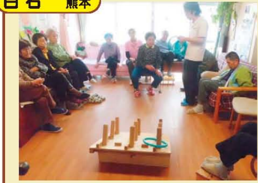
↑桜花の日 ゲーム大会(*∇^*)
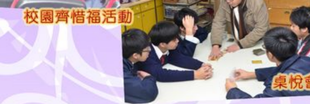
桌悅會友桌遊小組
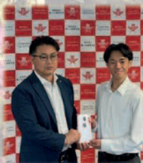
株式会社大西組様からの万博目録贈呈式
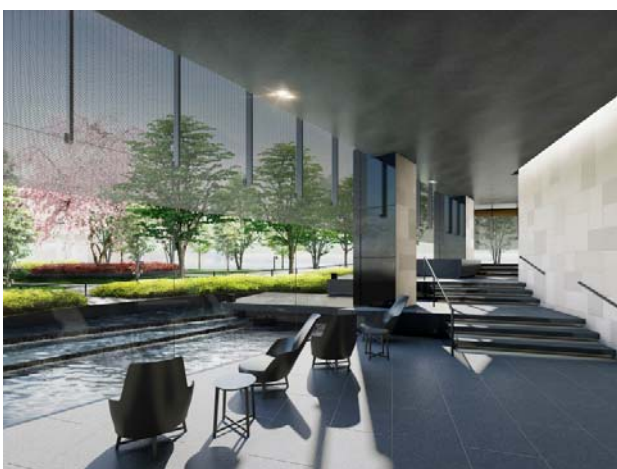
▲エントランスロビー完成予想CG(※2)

---

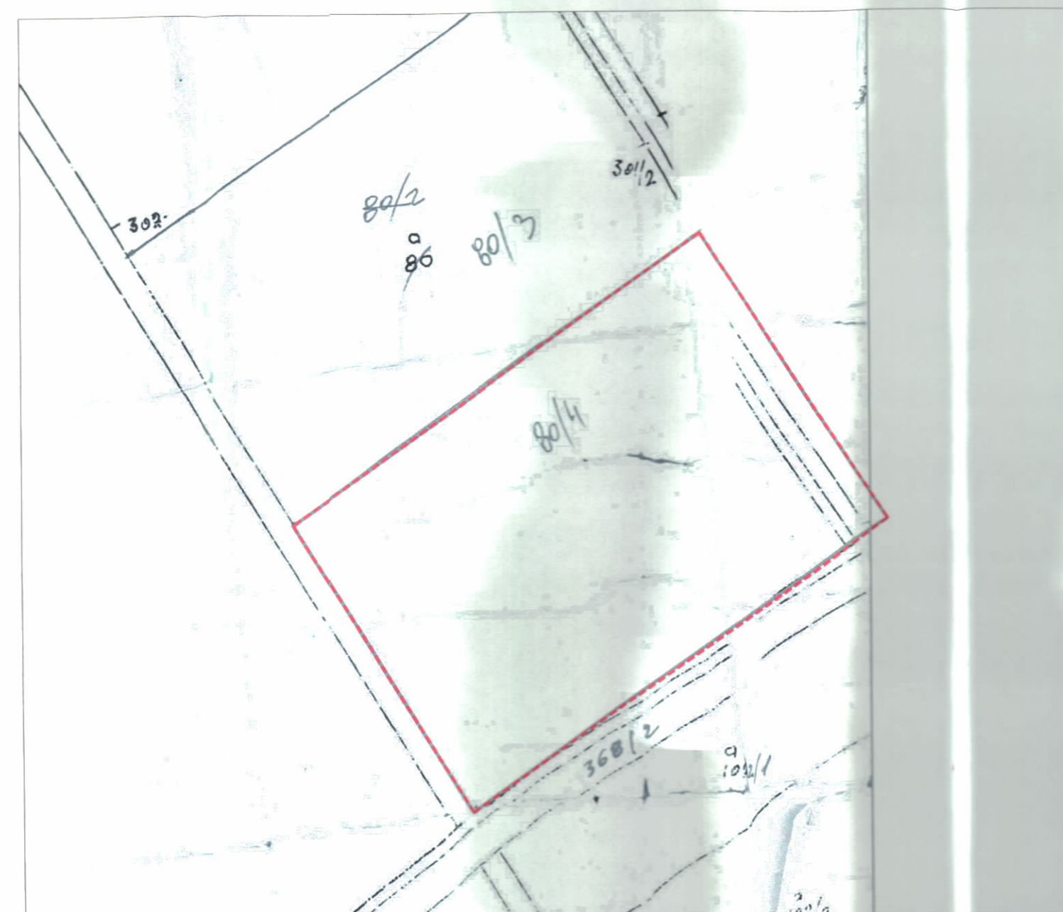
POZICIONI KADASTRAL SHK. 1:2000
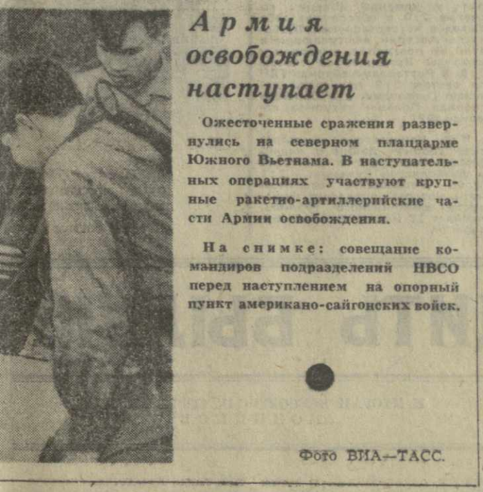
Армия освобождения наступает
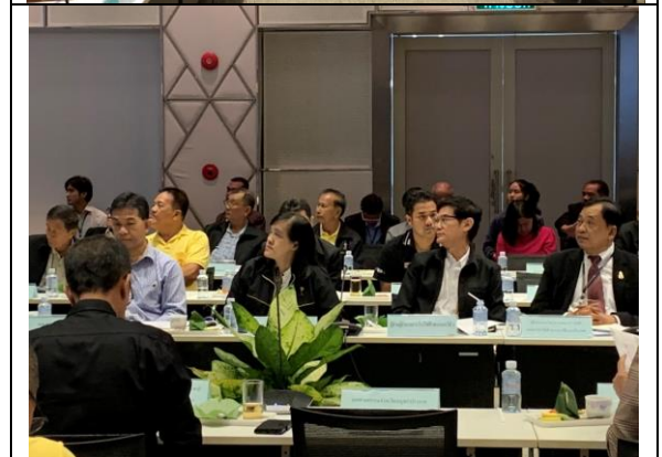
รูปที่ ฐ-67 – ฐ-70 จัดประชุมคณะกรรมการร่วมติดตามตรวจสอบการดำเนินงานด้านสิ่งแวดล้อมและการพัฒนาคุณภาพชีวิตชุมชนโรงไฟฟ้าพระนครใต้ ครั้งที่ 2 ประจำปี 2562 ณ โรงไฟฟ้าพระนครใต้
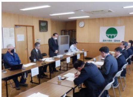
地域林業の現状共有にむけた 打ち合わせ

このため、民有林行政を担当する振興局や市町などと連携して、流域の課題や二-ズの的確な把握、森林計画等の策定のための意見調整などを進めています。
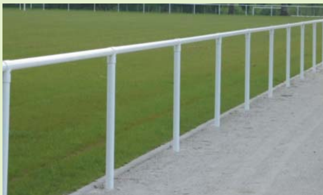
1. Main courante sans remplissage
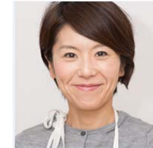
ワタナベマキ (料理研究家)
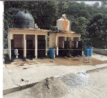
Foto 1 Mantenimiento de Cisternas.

◆ **EXERCISE DETAILS**: Using the data above, print only the lines starting at the one with "Армия освобождения наступает" and ending at the one with "Foto 1 Mantenimiento de Cisternas.", exactly as they stand, minus the pictures.

◆ **OUTPUT FOR THIS EXERCISE**:
Армия освобождения наступает
รูปที่ ฐ-67 – ฐ-70 จัดประชุมคณะกรรมการร่วมติดตามตรวจสอบการดำเนินงานด้านสิ่งแวดล้อมและการพัฒนาคุณภาพชีวิตชุมชนโรงไฟฟ้าพระนครใต้ ครั้งที่ 2 ประจำปี 2562 ณ โรงไฟฟ้าพระนครใต้
地域林業の現状共有にむけた 打ち合わせ

このため、民有林行政を担当する振興局や市町などと連携して、流域の課題や二-ズの的確な把握、森林計画等の策定のための意見調整などを進めています。
1. Main courante sans remplissage
ワタナベマキ (料理研究家)
Foto 1 Mantenimiento de Cisternas.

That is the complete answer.